At least you would want to keep playing with the guys you've matched with; the rest of your clan or whatever. At best, you'd like to keep playing from exactly the point of the "failure" without noticing any hiccup (good luck). The steps to get session host migration/fail over to a new simulator:
- Restablish network interconnection
- Pick a new master simulator
- Coordinate with the Live Service about who is the master (or do this first)
- Have the entity data already there, or somehow gather it
- Convert replicated entities in to real owned/master entities
- Reestablish interest subscriptions, or whatever distributed configuration settings are needed
- To reconnect, someone needs the complete list of IP/ports used by the players. But that is consider a security issue. E.g. someone could use that info to DOS attack an opponent. Let's assume the Live Service renegotiates and handshakes your way back into business.
- If you aren't connected, how do you elect a new master? If you don't have a master yet, how would all the clients (in a strict client/server network topology) know who to connect to? So the answer has to be precomputed. E.g. designate a backup simulator before there is a fault (maybe the earliest joiner, lowest ip address...)
- If your game session service supports this, it can solve both of the previous issues by exposing IP addresses only to the master simulator, and since it has a fixed network address, each client can always make a connection to it and be told who is the new master.

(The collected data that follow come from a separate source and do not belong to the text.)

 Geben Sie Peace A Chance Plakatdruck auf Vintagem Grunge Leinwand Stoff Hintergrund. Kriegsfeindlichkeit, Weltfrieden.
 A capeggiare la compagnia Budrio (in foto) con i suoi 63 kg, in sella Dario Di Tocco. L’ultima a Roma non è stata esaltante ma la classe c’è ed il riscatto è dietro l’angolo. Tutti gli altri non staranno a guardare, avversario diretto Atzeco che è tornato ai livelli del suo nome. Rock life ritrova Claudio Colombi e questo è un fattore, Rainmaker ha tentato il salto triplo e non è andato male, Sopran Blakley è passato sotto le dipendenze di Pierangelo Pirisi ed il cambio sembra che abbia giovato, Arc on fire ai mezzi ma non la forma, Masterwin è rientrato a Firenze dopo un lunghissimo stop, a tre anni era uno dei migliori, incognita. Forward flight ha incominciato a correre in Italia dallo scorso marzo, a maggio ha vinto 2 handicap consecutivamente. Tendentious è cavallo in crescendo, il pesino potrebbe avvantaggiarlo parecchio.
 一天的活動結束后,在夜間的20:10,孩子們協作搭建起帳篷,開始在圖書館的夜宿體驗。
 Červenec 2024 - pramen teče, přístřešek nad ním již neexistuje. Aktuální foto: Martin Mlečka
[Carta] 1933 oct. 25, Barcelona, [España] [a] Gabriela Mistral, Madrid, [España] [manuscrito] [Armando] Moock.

- If the authoritative data is lost on the fault, you may as well restart the level, go back to the lobby or whatever. So instead, you have to send the entity state data to the backup simulator(s) as you go. This is actually more data than is necessary to exchange for an online game that is not fault tolerant, since you'd have to send hidden and possibly temporary data for master Entities. Otherwise you couldn't completely reconstruct the dead Entities. There may be data that only existed on the master, so gathering it from the remaining clients isn't going to be a great solution. Spreading the responsibility is that much more complicated.

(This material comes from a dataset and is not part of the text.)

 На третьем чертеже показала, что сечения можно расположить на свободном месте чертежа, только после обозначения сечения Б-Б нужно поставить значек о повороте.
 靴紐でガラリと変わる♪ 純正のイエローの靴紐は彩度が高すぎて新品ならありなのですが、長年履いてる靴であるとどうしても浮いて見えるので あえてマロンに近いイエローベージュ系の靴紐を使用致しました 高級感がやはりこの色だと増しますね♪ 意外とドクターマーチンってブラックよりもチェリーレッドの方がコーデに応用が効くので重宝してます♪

- So the backup master starts converting replicated Entities into authoritative Entities. Any Entities it didn't know about couldn't get recreated, so the backup master has to have a full set of Entities. Think about the bandwidth of that. You should really want this feature before just building it. Now we hit a hard problem. If the Entities being recreated had in-flight Behaviors (e.g. you were using coroutines to model behavior), they can't be reconstructed. It is prohibitively expensive to continuously replicate the Behavior execution context. So you wind up "resetting" the Entities, and hoping their OnRecreate behavior can get it running again. You may have a self-driven Behavior that reschedules itself periodically. Something has to restart that sequence. Another thing to worry about: did the backup simulator have a truly-consistent image of the entity states, or was anything missing or out of order? At best this is an approximation of the state on the original session host.
- Unless you are broadcasting all state everywhere, you are going to have to redo interest management subscriptions to realize bandwidth limitation. This is like a whole bunch of late-joining clients coming in. They would get a new copy of each entity state. Big flurry of messages, especially if you do this naively.
- Now you are ready to go. Notify the players, give them a count-down...FIRE!
Note that the problem gets a lot easier if all you support is clean handoff from a running master to the new master. Would that be good enough for your game.
So is it worth the complexity, the continuous extra bandwidth and load on the backup simulator? Just to get an approximate recreation? With enough work, and game design tweaking, you could probably get something acceptable. Maybe give everyone a flash-bang to mask any error.
Or maybe you just reset the level, or go back to the lobby to vote on the next map. And put the bad player on your ban list.
Me? I'd probably instead invest the time of my network and simulator guys in something else, like smoothness, fun gameplay, voice, performance. Or ship earlier.